Он проявил большой художнический такт, изображая людей из Первой спасательной бригады через восприятие зеленого паренька Станды Пульпана, попавшего на шахту прямо из реального училища и не являющегося кадровым рабочим. Чапек сознавал, что ему трудно показать духовный мир шахтеров и жизнь рабочих изнутри, поскольку в повести своей он овладевал совершенно новым для себя материалом. Несколько восторженный взгляд Станды на старших товарищей понятен, так как он всячески хочет походить на них, работать так же умело, как они. Очень юношеская и очень человеческая жажда подвига находит утоление в самоотверженно раскованной работе спасателей в проклятом забое, где они чутко прислушиваются к слабому стуку товарищей, отрезанных от них обвалившейся породой.
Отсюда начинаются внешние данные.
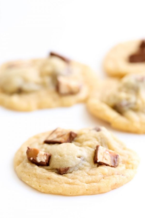 I have always LOVED Snickers candy bars. Those Snickers eggs they have out this time of year? THE BEST. Our Snickers cake? I request it every birthday! And when I saw these Snickers baking bites, they were calling to me to make something delicious with them. I decided they best belonged in a cookie, and we were NOT disappointed!
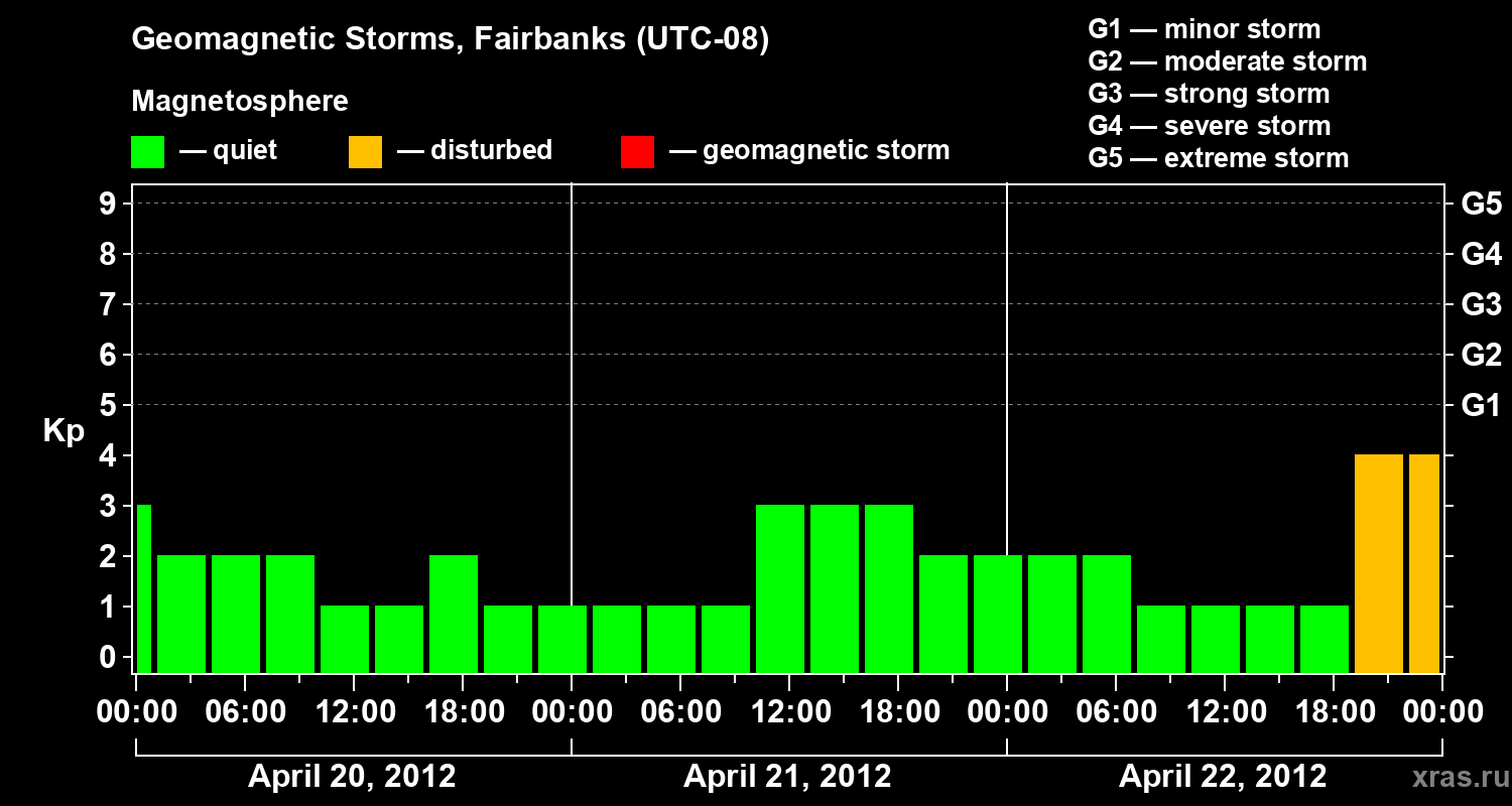 Geomagnetic storms in Fairbanks on Apr 22, 2012
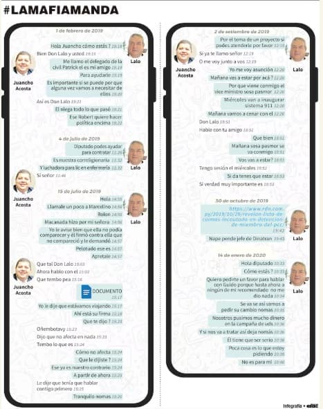 El intercambio de chats muestra cómo Gomes presionaba a Acosta con frases como: “Nosotros pusimos mucho dinero en la campaña de ustedes. Y si nos va a tratar así, dejá nomás”. También solicitó intervención en nombramientos, sugiriendo incluso el cambio de un funcionario que no accedió a sus pedidos. La ausencia de respuesta de Acosta en algunos mensajes refuerza la percepción de un sistema de favores en la estructura política del país.
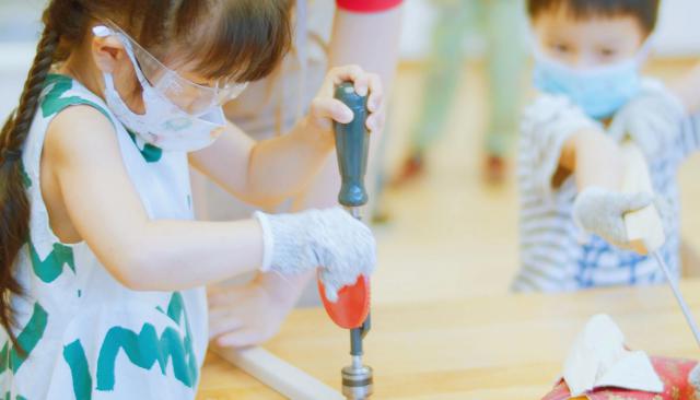 在幼儿园,孩子们可以穿自己的衣服,熟悉用筷子吃饭,用积木建造复杂的东西,如高楼大厦、桥梁和城堡,用粘土捏出小动物和水果。
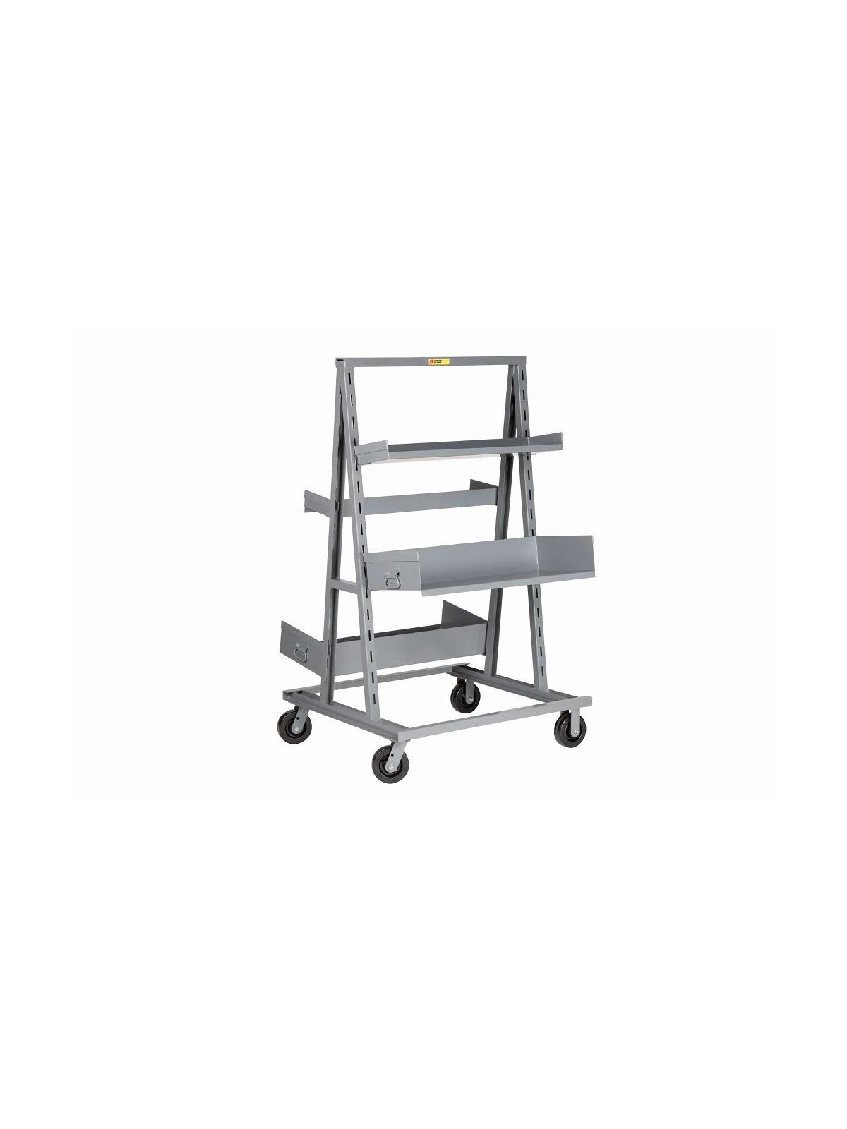 Slotted uprights accept your choice of optional hook-on trays, shelves, or pegboard panels. Rolls smoothly on 6 x 2" phenolic casters, 2 swivel and 2 rigid. Available single or double sided. Optional accessories include Trays, Shelves, and Pegboard Panels. Order truck and accessories separately. FOB Shipping Point.
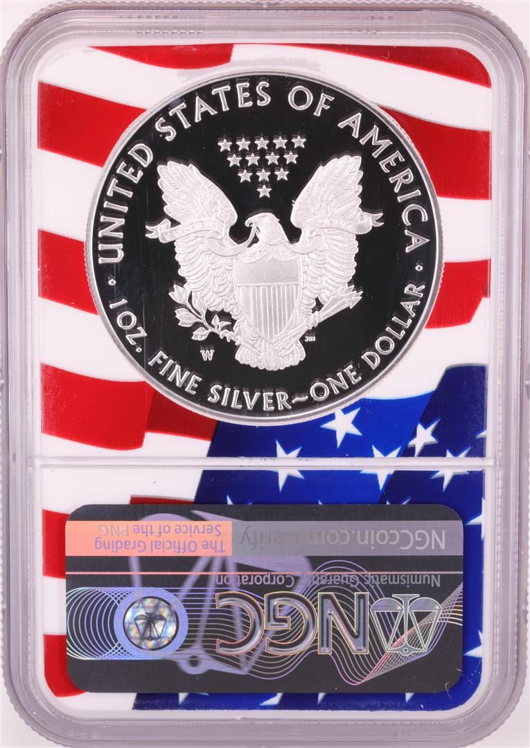 One 2019-W $1 Proof American Silver Eagle Coin NGC PF70 Ultra Cameo Congratulations Flag. NGC Certified.

В образах рабочих, героях повести, Чапек подчеркивал чувство товарищества, коллективизма, которое, несмотря на различия характеров, судеб, господствует над тем, что может людей разъединить. Коллективизм рабочих — это не пассивное, стадное, а боевое, активное чувство, которое в критических ситуациях способно мобилизовать и сплотить народ на борьбу и сопротивление. Своей повестью Чапек доказал эту мысль, становившуюся для его мировоззрения определяющей.
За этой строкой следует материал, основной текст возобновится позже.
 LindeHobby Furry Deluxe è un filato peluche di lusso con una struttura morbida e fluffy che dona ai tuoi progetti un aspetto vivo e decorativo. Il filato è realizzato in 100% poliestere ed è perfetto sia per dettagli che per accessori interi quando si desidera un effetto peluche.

Рабочие в повести Чапека не лишены человеческих слабостей и недостатков: они обычные люди, трезво и практически смотрящие на жизнь, знающие цену заработанного хлеба, семейные неурядицы, но им свойственно спокойное мужество людей труда, каждодневно преодолевающих тяготы повседневности, для которых выполнение долга — естественная норма жизненного поведения. Когда возбужденный, обуреваемый героическими помыслами Станда спрашивает у своего товарища, что бы сделать особенное для спасения погибающих шахтеров, он получает резонный ответ: хорошо укладывать камни для опоры. И это был мудрый совет: в последующую пору Сопротивления от его участников потребовалось терпеливое, нередко очень прозаичное выполнение долга.

Рабочих из Первой спасательной Чапек изображает не в одном измерении, затрагивая и сферу их частной жизни: семейную драму Адама Иозефа, домовитость Мартинека, доходящую до педантичности, трудовую честность деда Суханека, тайную восторженную любовь Станды к жене инженера Хансена. Повесть содержит картины обыденных отношений людей, живущих в шахтерском поселке, и отношения эти, как всегда, бывают разными и включают в себя широкую гамму человеческих чувств, начиная от дружбы и кончая личной враждой. Но на этот раз Чапека приковывало к себе не самодвижение живой жизни, а ее кульминация — момент подвига, деяния, объединившего очень разных людей: и рядовых шахтеров, и даже «пса» — десятника Андреса, хозяйского прихвостня.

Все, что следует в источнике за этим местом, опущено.